Explaining lambda calculus to a front-end web developer

Today I'm going to answer to a person who has been reading these posts. I was using wrong sender field by mistake and I did not get a response afterwards suggests that it was lost. Since then I've studied and rewritten the post to improve it. The plan was to publish this anyway, although it's perhaps a bit early.

How do you explain lambda calculus (or just calculus) to a Front-end web developer. How does calculus boost their productivity?

There is a bit of an immediacy in this question that I didn't catch at first. It's a bit like asking how do I burn belly fat? The answer is you ensure your food macronutrients are in balance. If you do have nutrients in balance then you do bit of strength training and cardio exercise every week. It won't do anything at first, but after a year you'll notice you're in a much better health and get much more done with the time you got, even if you just end up improving your nutrition.

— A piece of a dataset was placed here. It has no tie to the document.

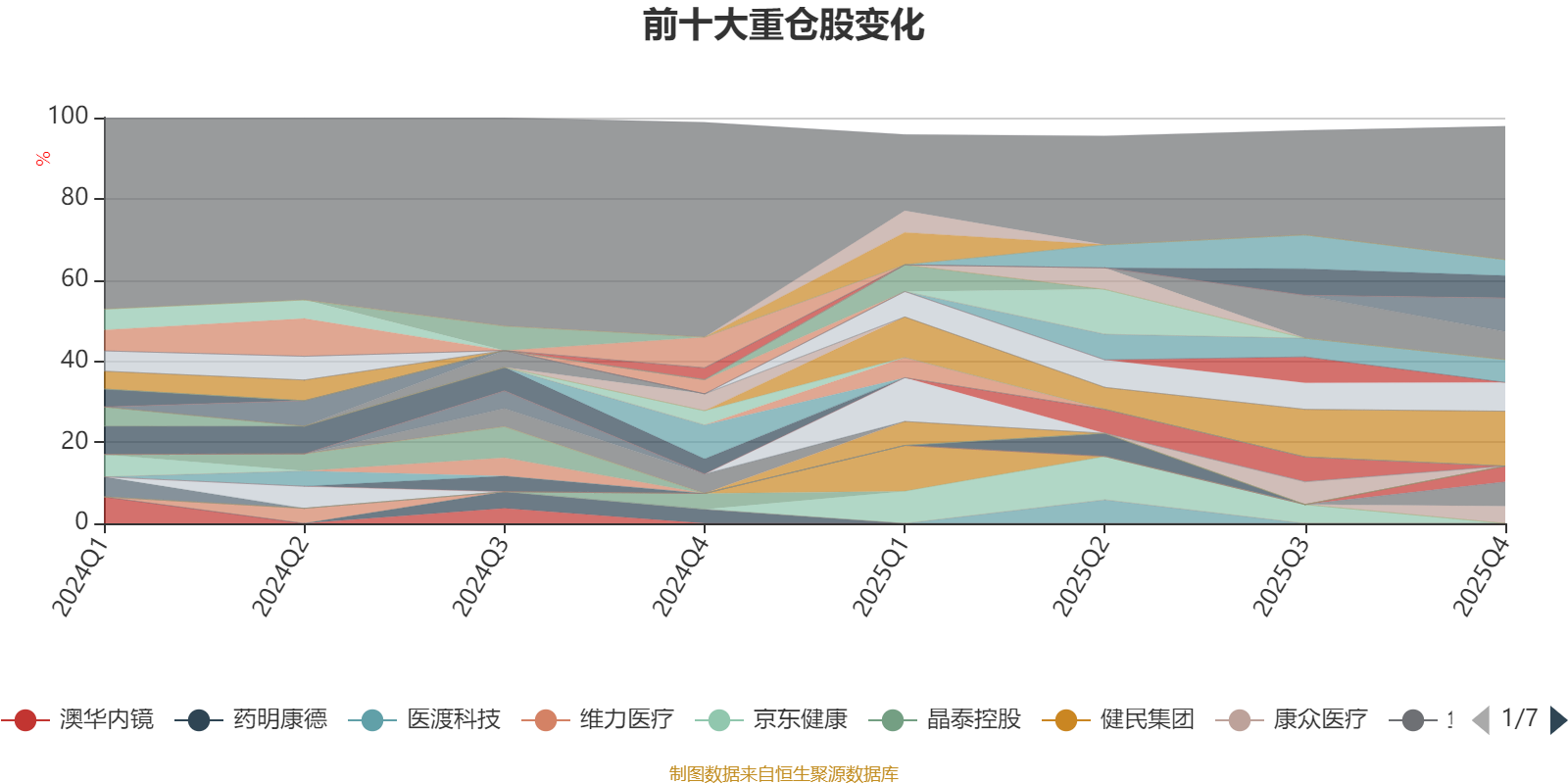 截至2025年末,基金十大重仓股分别是医脉通、ST人福、春立医疗、华大智造、鱼跃医疗、固生堂、润达医疗、康众医疗、奕瑞科技、美年健康。

It's bit like that with (lambda) calculus but in context of programming. It takes a while to make anything productive out of what you learn. Ultimately you'll be able to apply the ideas, but it'll take a while and may requires you make a habit of learning. Eventually you may learn to write programs and prove they're correct without needing to debug or run them to know it.

Lambda calculus

Lambda calculus is an incredibly compact model of computation. Despite simplicity it's fairly readable. In the whole the language has only 3 rules that you use to form expressions.

The first rule introduces a variable. It's a neutral form, which is shown with a down-arrow in the expression, meaning that it takes something apart and makes something else from it.

────── variable
x ⊢ x↓

There's a perhaps weird symbol, that's a turnstile with context on the left side and lambda calculus expression on the right side.

When the context is not empty, we have an open expression. If the context is empty, then it's a closed expression. Note that if the context is satisfied with something, it must be a normal form.

With variables you can't do much anything yet. Actually you need the whole language with all the 4 rules to do something. There's an another neutral form that we can use to apply functions to values.

Γ ⊢ a↓     Γ ⊢ b↑
───────────────── application
Γ ⊢ a b↓

Things over the line tell what you need in order to form the expression. The arrows point that 'a' must be a neutral form, while 'b' must be normal. Normal forms are expressions that form new values. The symbol Γ describes a context filled with possibly many variables.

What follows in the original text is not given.